Assise dans un coin de la cour, près de l’endroit où quelques bambous avaient
été arrachés à la clôture, Salomé regardait s’agiter le monde au dehors. Il lui était interdit de sortir, de fréquenter les enfants des quartiers comme disaient ses parents pour désigner les mal lotis. Aussi, c’était de loin qu’elle prenait part à leurs jeux, les enviant presque de vivre dans des maisons dépourvues d’électricité. Le spectacle de la rue la ravissait. Elle connaissait tout le monde, le moindre visage, les histoires de cœur naissantes, celles qui s’étaient achevées dans la fureur et les larmes.

Aujourd’hui, rien de tout cela ne l’intéressait. Salomé ne salivait pas à l’idée de goûter les maquereaux cuits à la braise, sur lesquels le vent apportait un peu de poussière pour parfaire l’assaisonnement. Sa mère disait que c’était plein de microbes, que c’était sale. Mais elle disait aussi qu’il ne fallait pas avaler les pépins des oranges, de peur qu’un oranger vous pousse sur la tête. Salomé, excitée à la pensée d’un arbre prenant racine au milieu de son crâne, avait fréquemment défié l’interdit. En vain. Depuis, elle n’accordait qu’un crédit relatif aux dires de sa mère.
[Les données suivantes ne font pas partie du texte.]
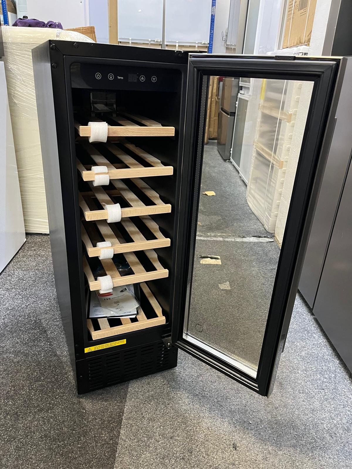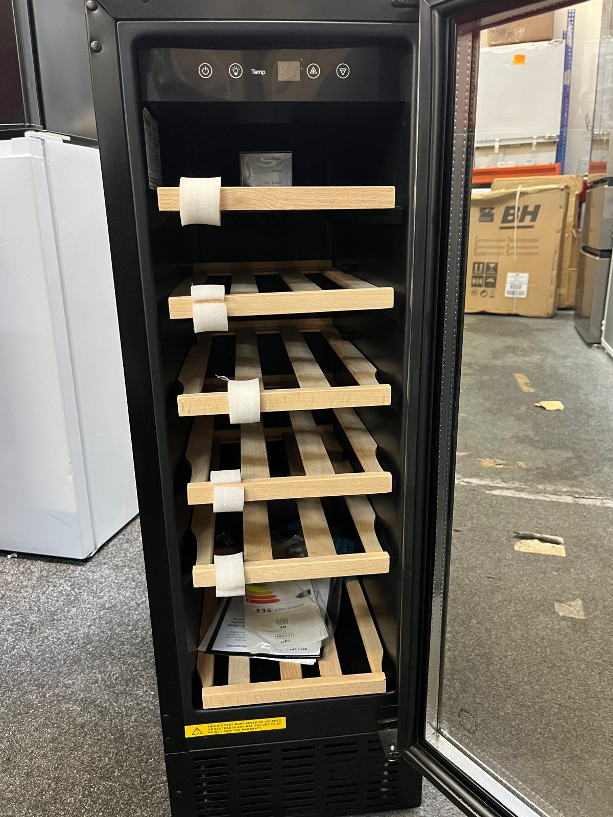- 30 cm under-counter wine cooler designed to fit neatly beneath your worktop.

Pourtant, c’était la parole maternelle qui la troublait ce soir, lui gâchant le plaisir de l’observation. Quelques mots énoncés avec mépris, d’une voix sèche : « Ce sont nos gens, je leur parle comme il sied. Ils peuvent s’estimer heureux d’avoir été admis dans la famille… » Salomé se leva, fit quelques pas vers la maison, s’arrêta sous le manguier dont une chauve-souris avait croqué des fruits encore verts. Elle avait un peu peur de rentrer. « Ce sont nos gens. » Ces mots lui pesaient sur le cœur. Pourquoi ? Elle n’aurait pu le dire. Il lui venait simplement une intuition. Comme un soupçon. Elle devait savoir. Comprendre. Demain, elle irait interroger sa mère.